Texas Bill Would Require Open Source Consideration
Skapare writes "The Texas Legislature now has before it a bill ( ASCII text here, PDF here), submitted by State Senator John Carona, to require the state to consider open source and open standards as part of the acquisition of software. Texas, like many other states, has a budget crisis going on. If this passes, I believe it could help the state save a lot of money. Texans need to make sure their state representatives and senators know they want this to pass."
I wonder if Open Source could contribute to an economic comeback in any way.
I don't mind them picking any closed source solution so long as it has sufficant functionality and guarenties so that they know it will work right. However I do have a problem with ANY solution that is not open standard based. microsoft doc format works okay, but it limits your ability to choose a compititor. In effect your next bid for who supplies word processors either has to have perfect microsoft compatability, or you need to account for a team to open every current document and save it in a standard that the new program can read.
By contrast if they require an open standard as default, today they can use Word, and tommorow switch to wordPerfect, and next year Staroffice might win the bid for who supplies word processing software. Even better than can be a mixture. Most people would be served just fine with kword or openoffice, but a few people need as use those features in microsft word that isn't provided in the alternatives. With a standard file format you mix and match as you wish. Today you can already provide Photoshop to those who really need the best, and Gimp to everyone, since picture formats are open. Word processing formats should be too.

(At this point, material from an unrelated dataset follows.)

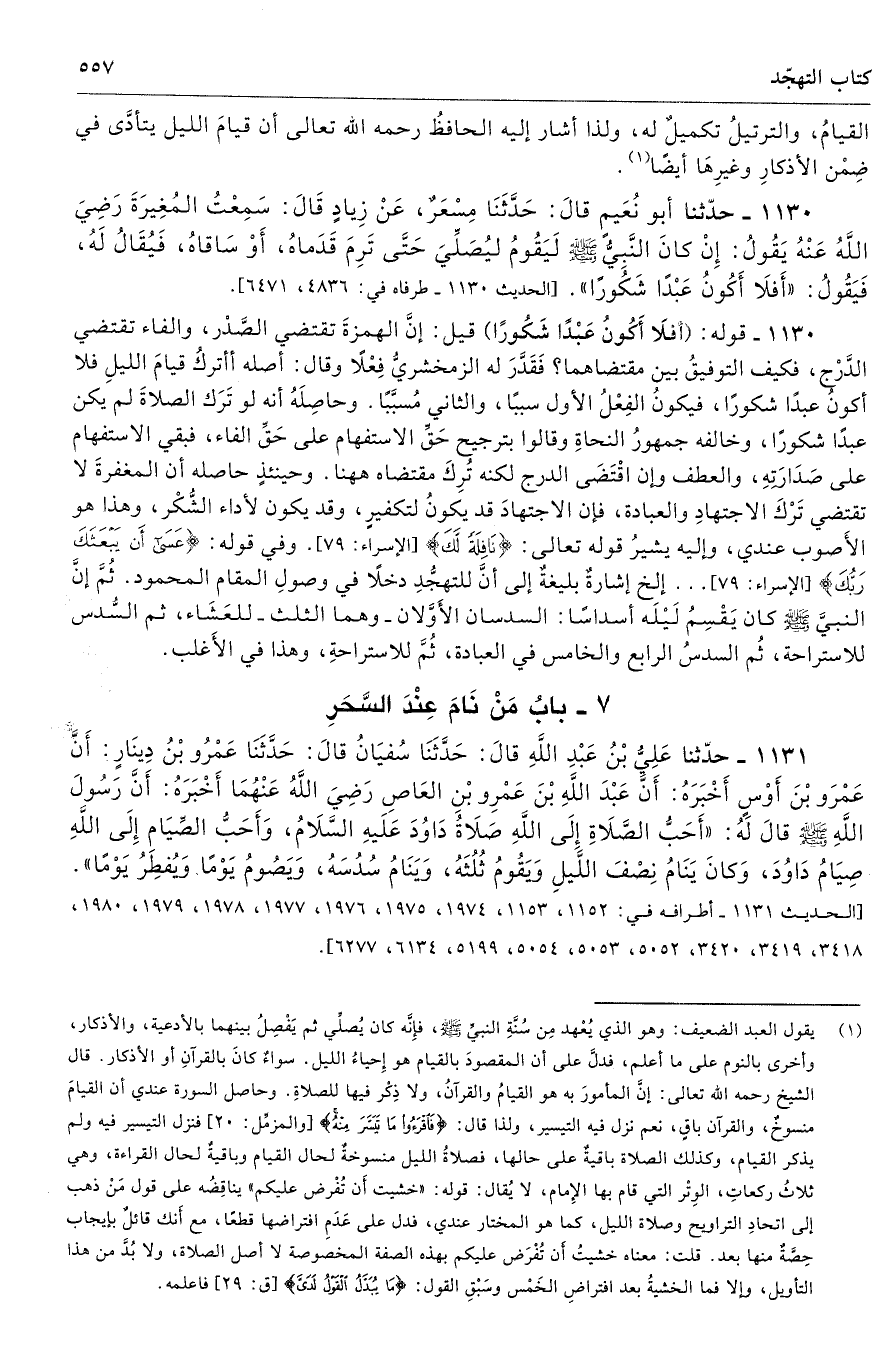 1130 - حَدَّثَنَا أَبُو نُعَيْمٍ قَالَ حَدَّثَنَا مِسْعَرٌ عَنْ زِيَادٍ قَالَ سَمِعْتُ الْمُغِيرَةَ - رضى الله عنه - يَقُولُ إِنْ كَانَ النَّبِىُّ - صلى الله عليه وسلم - لَيَقُومُ لِيُصَلِّىَ حَتَّى تَرِمُ قَدَمَاهُ أَوْ سَاقَاهُ، فَيُقَالُ لَهُ فَيَقُولُ «أَفَلاَ أَكُونُ عَبْدًا شَكُورًا». طرفاه 4836، 6471 - تحفة 11498

Even though I mentioned file formats above, that isn't the only place where open standards are better. At walMart I can buy several different memory card readers. Some support 3 different formats, some 5, and some 6! If you happen to buy the 6 port version you can read most formats today, but not all. By contrast there is already a good open standard memory card interface: USB, and every new comptuer has it so there is no need to buy any adaptor. (Some of the memory cards read by the reader might be considered open, but they are not everywhere so it is hard to call them standard. This should be a considereation too)
There is a beautiful zinger in the first section of the proposed bill. Paraphrasing slightly:
"For all new software acquisitions, a state agency shall avoid the acquisition of products that are known to make unauthorized transfers of information to, or permit unauthorized control of or modification to the state government's computer systems by, parties outside the control of the state government."
If memory serves me, Microsoft's click-wrap licenses, and the Windows XP activation process, and their auto-update processes, do EXACTLY that sort of thing.
Also note that the bill's definition of "open source software" requires "(E) freedom to make and distribute copies of the software; and (F) freedom to modify the software and to distribute the modified software under the same license as the original software."
This would seem to exclude Microsoft's "Shared Source" hogwash.